> Recorded data:
==================================================

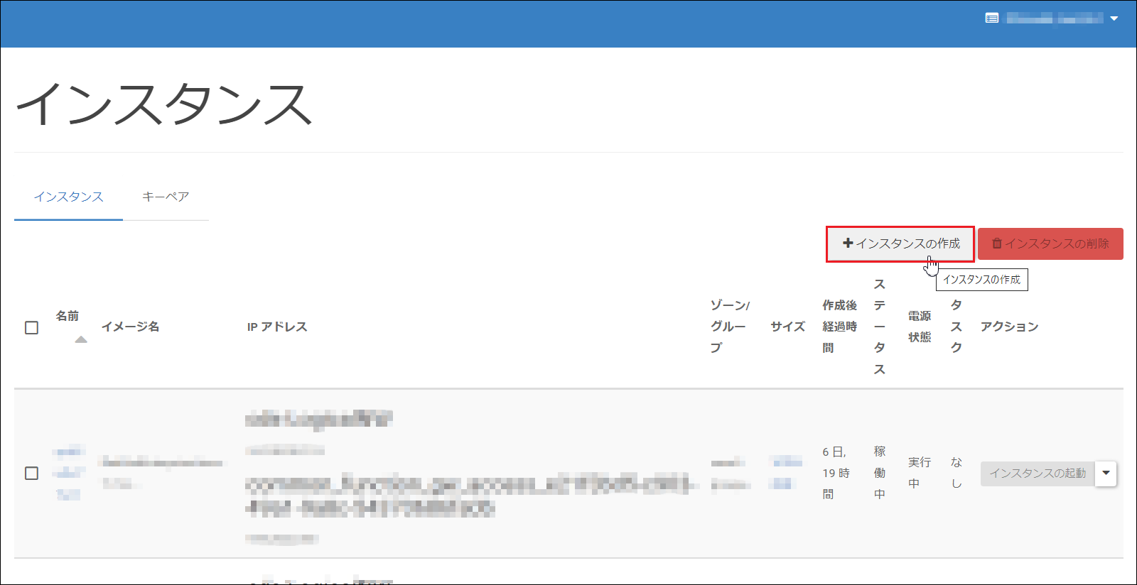 6.次に新規にインスタンス(リストアサーバー)を作成します。[インスタンスの作成]をクリックします。
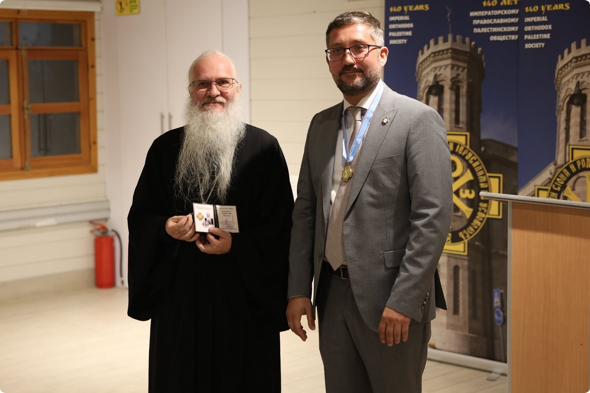 Затем были вручены награды Императорского православного палестинского общества сотруднице Русской духовной миссии в Иерусалиме монахине Екатерине (Копыл), представителю ФГУП «Госзагрансобственность» Р.В. Диканскому и директору Фонда Антонина Капустина и члену Совета ИППО в Израиле Р.И. Ашурбейли.
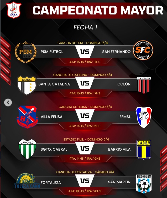 Entre los cruces destacados aparecen duelos atractivos en diferentes canchas, con horarios distribuidos para que el público pueda acompañar a sus equipos en este arranque.

==================================================

Return the lines above exactly; the images are not part of the copy.

> The answer:
 6.次に新規にインスタンス(リストアサーバー)を作成します。[インスタンスの作成]をクリックします。
 Затем были вручены награды Императорского православного палестинского общества сотруднице Русской духовной миссии в Иерусалиме монахине Екатерине (Копыл), представителю ФГУП «Госзагрансобственность» Р.В. Диканскому и директору Фонда Антонина Капустина и члену Совета ИППО в Израиле Р.И. Ашурбейли.
 Entre los cruces destacados aparecen duelos atractivos en diferentes canchas, con horarios distribuidos para que el público pueda acompañar a sus equipos en este arranque.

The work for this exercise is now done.